• [Exercise brief]: Using the data below, transcribe exactly everything from the line that contains "Evening Dress 2021" down to the line that contains "-여주를 아낌없이 듬뿍". Include both of those lines and none of the pictures.

### Records shown ###

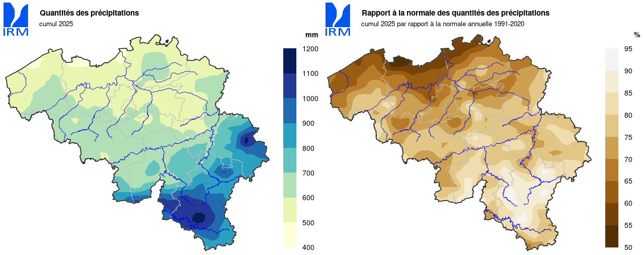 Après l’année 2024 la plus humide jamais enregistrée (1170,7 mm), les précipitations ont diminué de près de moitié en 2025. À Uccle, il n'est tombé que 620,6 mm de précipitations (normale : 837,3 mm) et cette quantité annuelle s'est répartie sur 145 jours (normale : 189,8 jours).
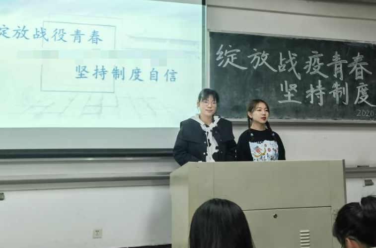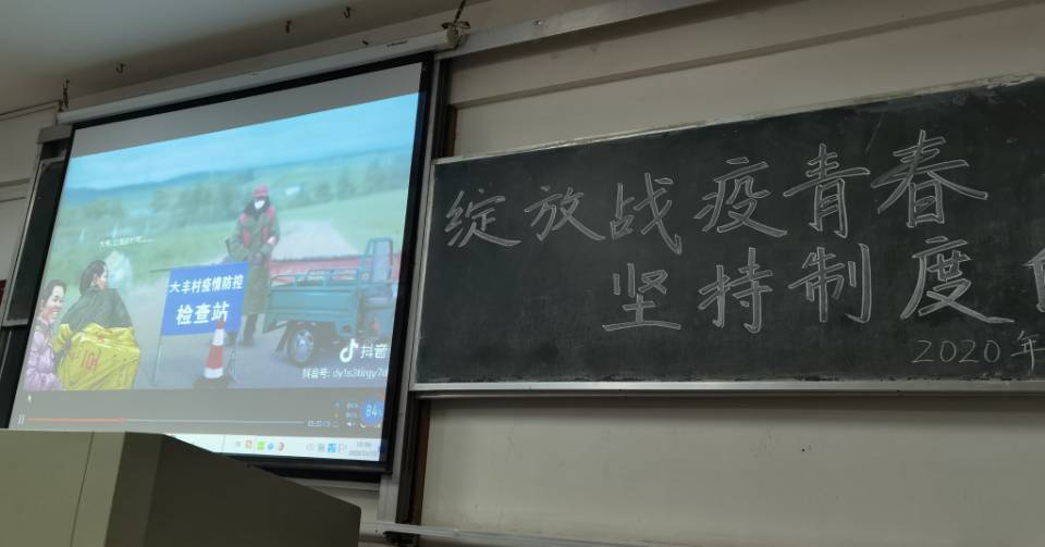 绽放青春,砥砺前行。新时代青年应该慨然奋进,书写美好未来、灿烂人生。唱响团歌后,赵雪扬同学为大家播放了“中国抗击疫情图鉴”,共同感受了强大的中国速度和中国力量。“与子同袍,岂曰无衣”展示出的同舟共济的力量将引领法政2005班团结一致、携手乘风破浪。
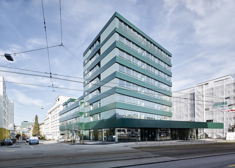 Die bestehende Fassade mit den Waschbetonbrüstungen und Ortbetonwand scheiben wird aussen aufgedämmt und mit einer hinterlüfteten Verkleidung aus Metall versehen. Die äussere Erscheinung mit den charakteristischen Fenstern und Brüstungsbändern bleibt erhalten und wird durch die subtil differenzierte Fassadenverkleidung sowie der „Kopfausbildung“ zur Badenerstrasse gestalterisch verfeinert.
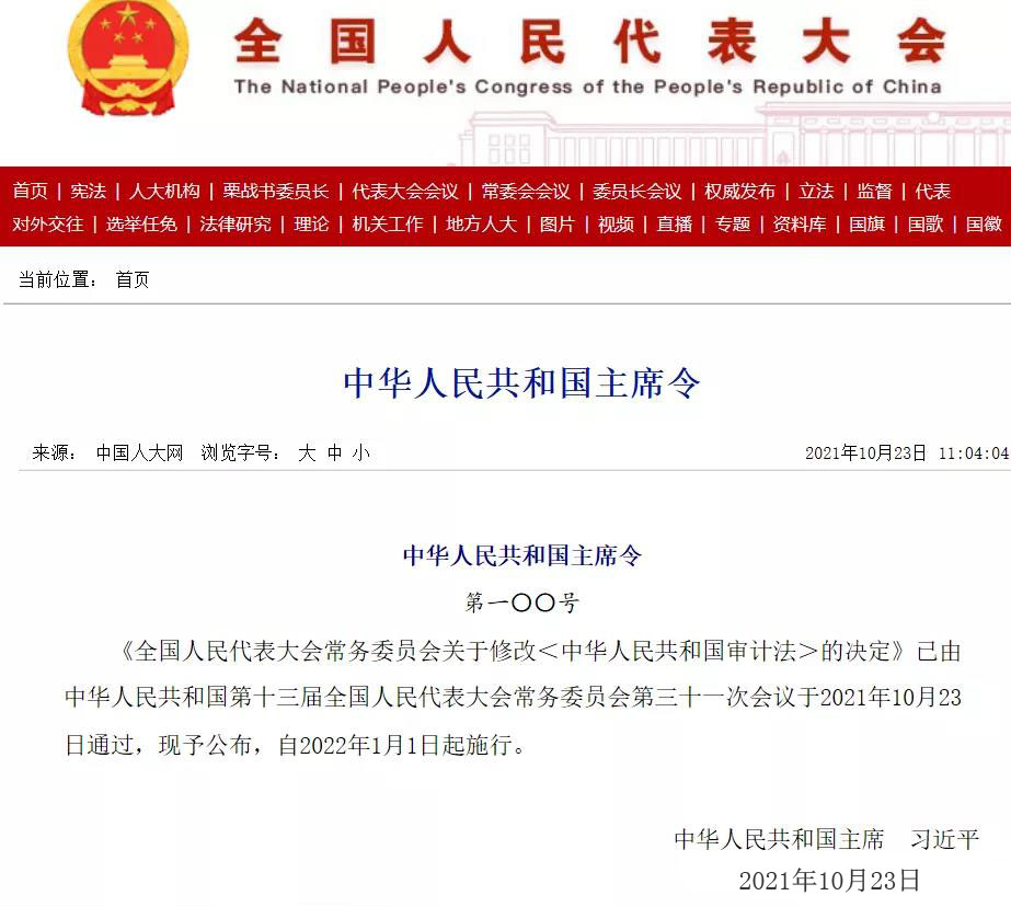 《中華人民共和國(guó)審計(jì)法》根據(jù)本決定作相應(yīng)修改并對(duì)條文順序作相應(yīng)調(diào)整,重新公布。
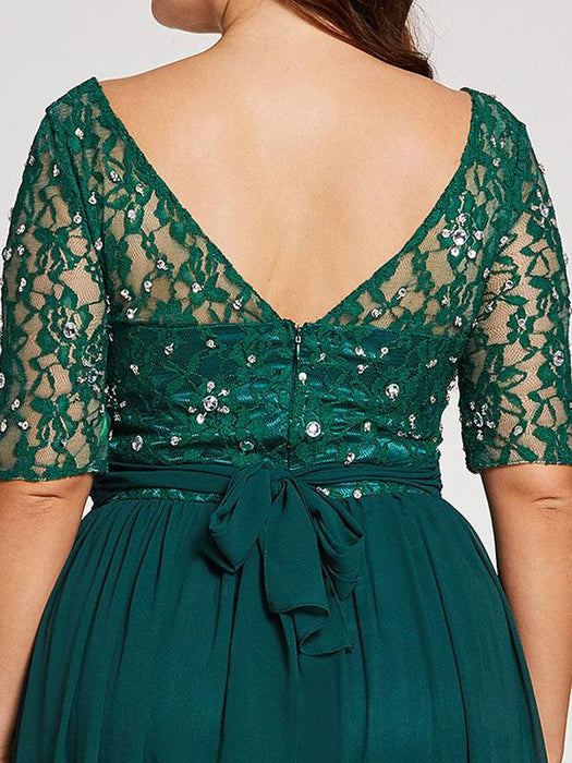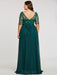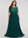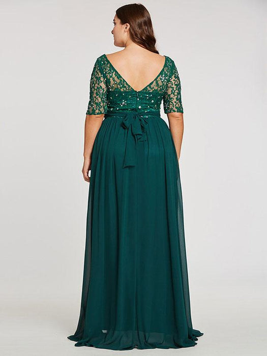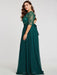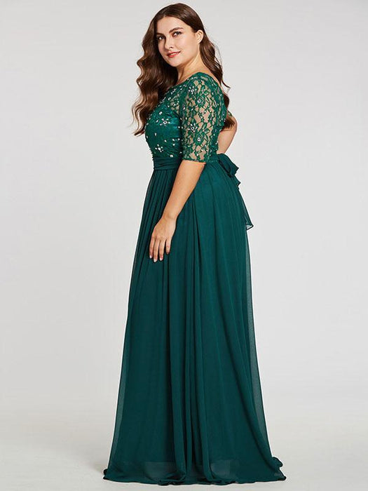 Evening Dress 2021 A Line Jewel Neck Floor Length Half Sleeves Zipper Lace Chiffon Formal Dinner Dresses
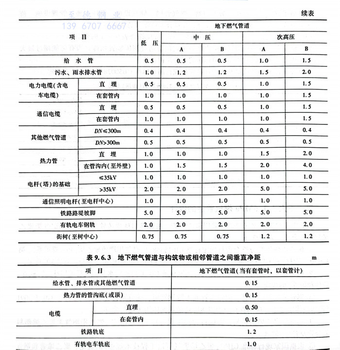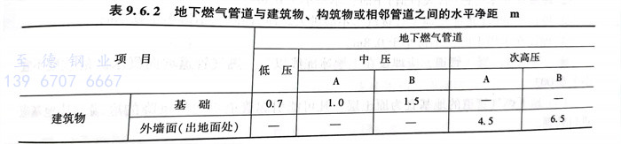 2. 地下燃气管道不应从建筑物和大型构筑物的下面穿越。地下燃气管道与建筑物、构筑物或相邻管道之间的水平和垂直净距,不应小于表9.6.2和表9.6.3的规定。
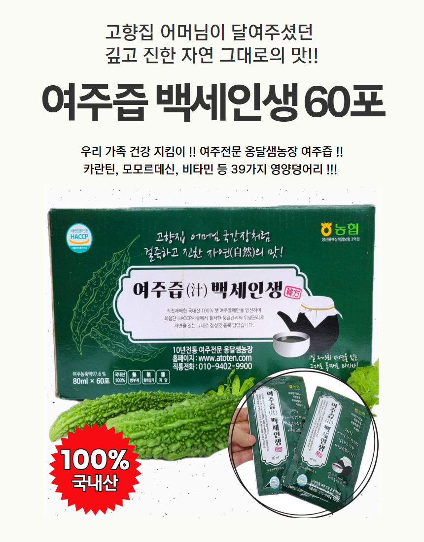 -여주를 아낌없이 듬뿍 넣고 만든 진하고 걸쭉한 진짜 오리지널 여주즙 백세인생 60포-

###
### Records shown ###

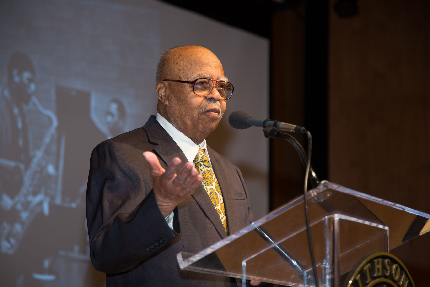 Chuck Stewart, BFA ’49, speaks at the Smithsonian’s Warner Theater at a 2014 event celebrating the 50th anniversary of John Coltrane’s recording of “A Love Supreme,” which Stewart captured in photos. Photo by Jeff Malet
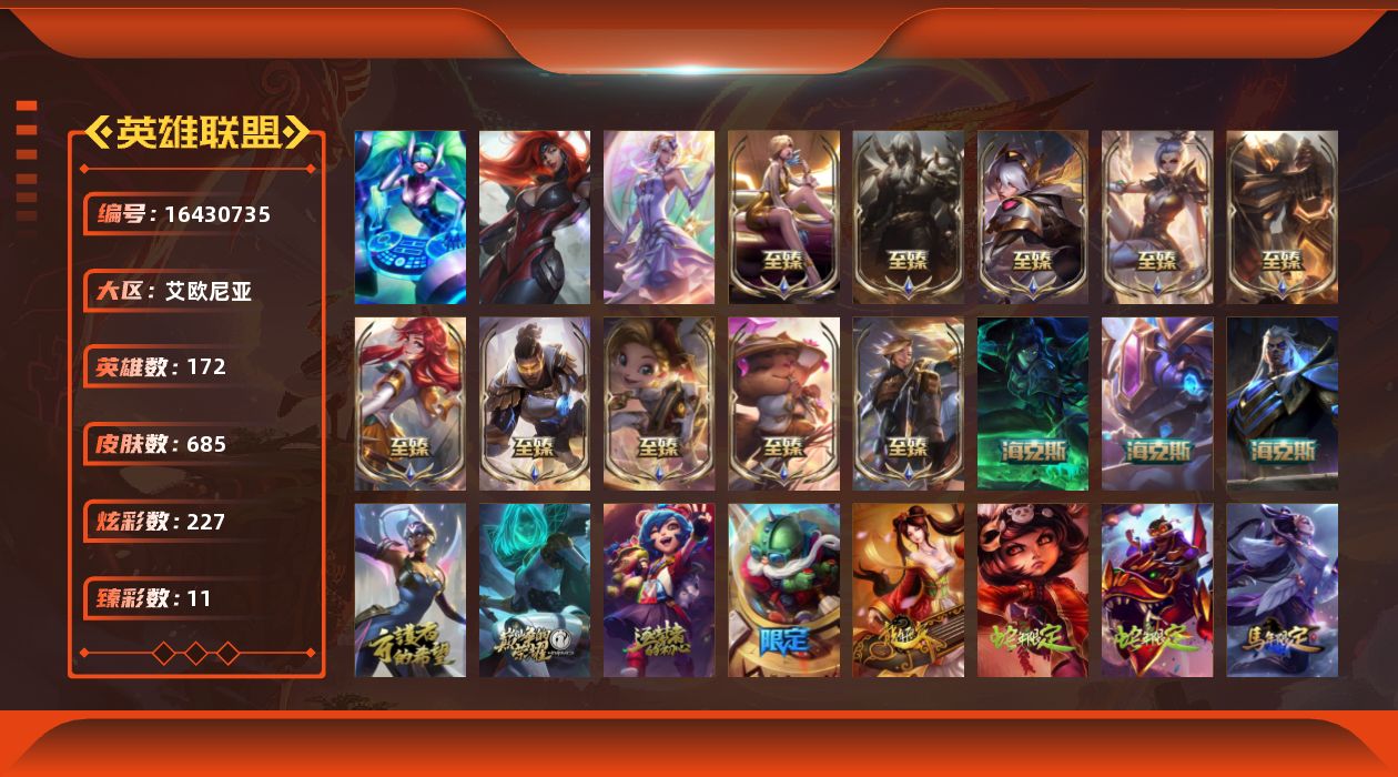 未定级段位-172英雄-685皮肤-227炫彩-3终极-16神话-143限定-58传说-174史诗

###

• [Result of the exercise]:
 Evening Dress 2021 A Line Jewel Neck Floor Length Half Sleeves Zipper Lace Chiffon Formal Dinner Dresses
 2. 地下燃气管道不应从建筑物和大型构筑物的下面穿越。地下燃气管道与建筑物、构筑物或相邻管道之间的水平和垂直净距,不应小于表9.6.2和表9.6.3的规定。
 -여주를 아낌없이 듬뿍 넣고 만든 진하고 걸쭉한 진짜 오리지널 여주즙 백세인생 60포-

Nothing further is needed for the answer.